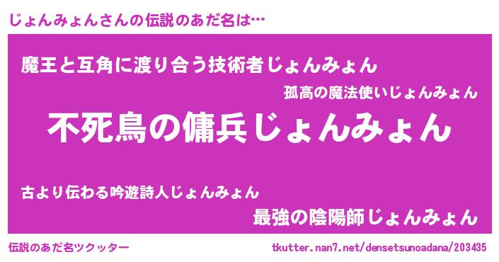 | 女子向けラノベタイトル風あだ名 | 『シンデレラじょんみょん家の靴箱館』 |
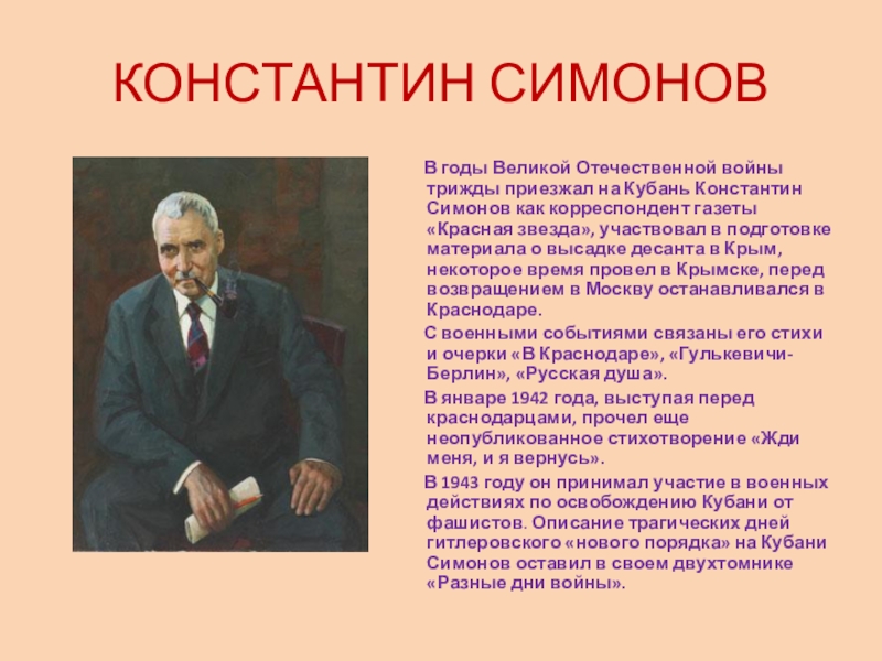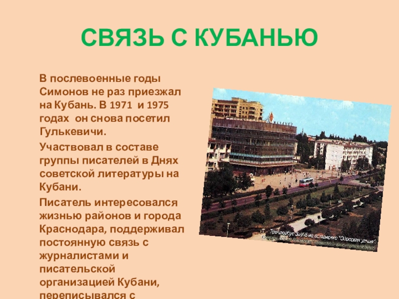 приезжал на Кубань Константин Симонов как корреспондент газеты «Красная звезда», участвовал в подготовке материала о высадке десанта в Крым, некоторое время провел в Крымске, перед возвращением в Москву останавливался в Краснодаре.
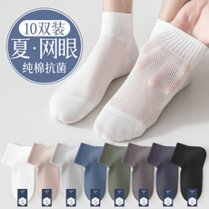 日本品质不臭脚袜子男短袜春夏网眼棉袜精梳棉黑白色抗菌防臭透气

(What you have to do):
When you reach the line that contains "приезжал на Кубань", start copying the listing word for word and stop only after its last line, without any pictures.

(Written solution):
 приезжал на Кубань Константин Симонов как корреспондент газеты «Красная звезда», участвовал в подготовке материала о высадке десанта в Крым, некоторое время провел в Крымске, перед возвращением в Москву останавливался в Краснодаре.
 日本品质不臭脚袜子男短袜春夏网眼棉袜精梳棉黑白色抗菌防臭透气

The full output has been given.